*HOW TO COMPLETE THIS TASK*: Every line from the one with "從去年開(kāi)始,商業(yè)銀行明" to the one with "당시 유럽에는 또 하나의", including those two, is to be copied exactly; all other lines of the entries below are left out.

━━ RECORDS

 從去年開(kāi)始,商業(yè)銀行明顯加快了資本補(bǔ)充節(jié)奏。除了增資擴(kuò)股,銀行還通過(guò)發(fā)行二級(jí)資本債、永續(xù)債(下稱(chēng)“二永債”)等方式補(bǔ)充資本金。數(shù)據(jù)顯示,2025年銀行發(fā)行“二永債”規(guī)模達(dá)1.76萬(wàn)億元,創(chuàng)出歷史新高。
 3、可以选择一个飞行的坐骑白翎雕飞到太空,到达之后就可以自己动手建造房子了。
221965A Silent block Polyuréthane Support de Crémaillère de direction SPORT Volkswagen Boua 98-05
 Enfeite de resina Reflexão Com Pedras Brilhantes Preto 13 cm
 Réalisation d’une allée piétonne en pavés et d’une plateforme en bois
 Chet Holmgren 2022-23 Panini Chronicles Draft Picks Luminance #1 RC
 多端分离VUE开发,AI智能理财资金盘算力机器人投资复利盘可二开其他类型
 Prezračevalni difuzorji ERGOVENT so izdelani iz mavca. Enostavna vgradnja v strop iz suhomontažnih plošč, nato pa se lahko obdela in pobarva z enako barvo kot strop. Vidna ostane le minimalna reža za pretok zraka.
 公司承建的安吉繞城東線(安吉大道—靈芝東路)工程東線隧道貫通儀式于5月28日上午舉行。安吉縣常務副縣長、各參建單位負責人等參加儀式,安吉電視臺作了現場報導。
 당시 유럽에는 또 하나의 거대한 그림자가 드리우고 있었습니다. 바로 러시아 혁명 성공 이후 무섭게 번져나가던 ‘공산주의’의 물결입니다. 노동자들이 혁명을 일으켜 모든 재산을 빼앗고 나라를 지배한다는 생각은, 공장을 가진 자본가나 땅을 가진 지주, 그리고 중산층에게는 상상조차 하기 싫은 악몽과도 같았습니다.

━━━━
━━ RECORDS

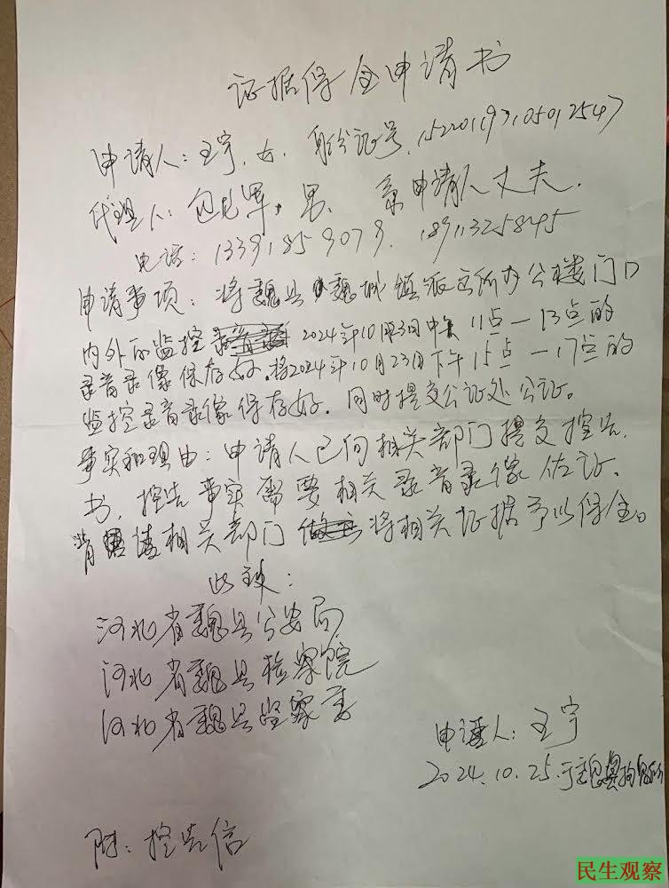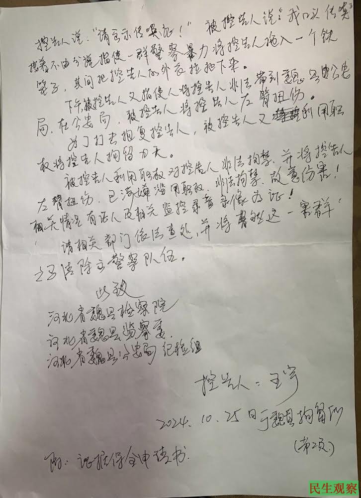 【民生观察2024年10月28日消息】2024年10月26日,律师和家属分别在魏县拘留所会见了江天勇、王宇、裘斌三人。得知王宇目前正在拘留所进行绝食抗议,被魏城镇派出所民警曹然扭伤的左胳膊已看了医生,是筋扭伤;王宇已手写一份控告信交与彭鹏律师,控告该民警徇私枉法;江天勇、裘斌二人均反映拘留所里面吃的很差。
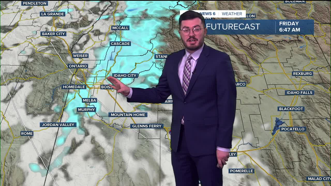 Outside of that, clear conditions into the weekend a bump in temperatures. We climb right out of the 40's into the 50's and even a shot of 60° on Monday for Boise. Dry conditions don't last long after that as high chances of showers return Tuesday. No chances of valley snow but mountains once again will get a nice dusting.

━━━━

*RESULT*:
 從去年開(kāi)始,商業(yè)銀行明顯加快了資本補(bǔ)充節(jié)奏。除了增資擴(kuò)股,銀行還通過(guò)發(fā)行二級(jí)資本債、永續(xù)債(下稱(chēng)“二永債”)等方式補(bǔ)充資本金。數(shù)據(jù)顯示,2025年銀行發(fā)行“二永債”規(guī)模達(dá)1.76萬(wàn)億元,創(chuàng)出歷史新高。
 3、可以选择一个飞行的坐骑白翎雕飞到太空,到达之后就可以自己动手建造房子了。
221965A Silent block Polyuréthane Support de Crémaillère de direction SPORT Volkswagen Boua 98-05
 Enfeite de resina Reflexão Com Pedras Brilhantes Preto 13 cm
 Réalisation d’une allée piétonne en pavés et d’une plateforme en bois
 Chet Holmgren 2022-23 Panini Chronicles Draft Picks Luminance #1 RC
 多端分离VUE开发,AI智能理财资金盘算力机器人投资复利盘可二开其他类型
 Prezračevalni difuzorji ERGOVENT so izdelani iz mavca. Enostavna vgradnja v strop iz suhomontažnih plošč, nato pa se lahko obdela in pobarva z enako barvo kot strop. Vidna ostane le minimalna reža za pretok zraka.
 公司承建的安吉繞城東線(安吉大道—靈芝東路)工程東線隧道貫通儀式于5月28日上午舉行。安吉縣常務副縣長、各參建單位負責人等參加儀式,安吉電視臺作了現場報導。
 당시 유럽에는 또 하나의 거대한 그림자가 드리우고 있었습니다. 바로 러시아 혁명 성공 이후 무섭게 번져나가던 ‘공산주의’의 물결입니다. 노동자들이 혁명을 일으켜 모든 재산을 빼앗고 나라를 지배한다는 생각은, 공장을 가진 자본가나 땅을 가진 지주, 그리고 중산층에게는 상상조차 하기 싫은 악몽과도 같았습니다.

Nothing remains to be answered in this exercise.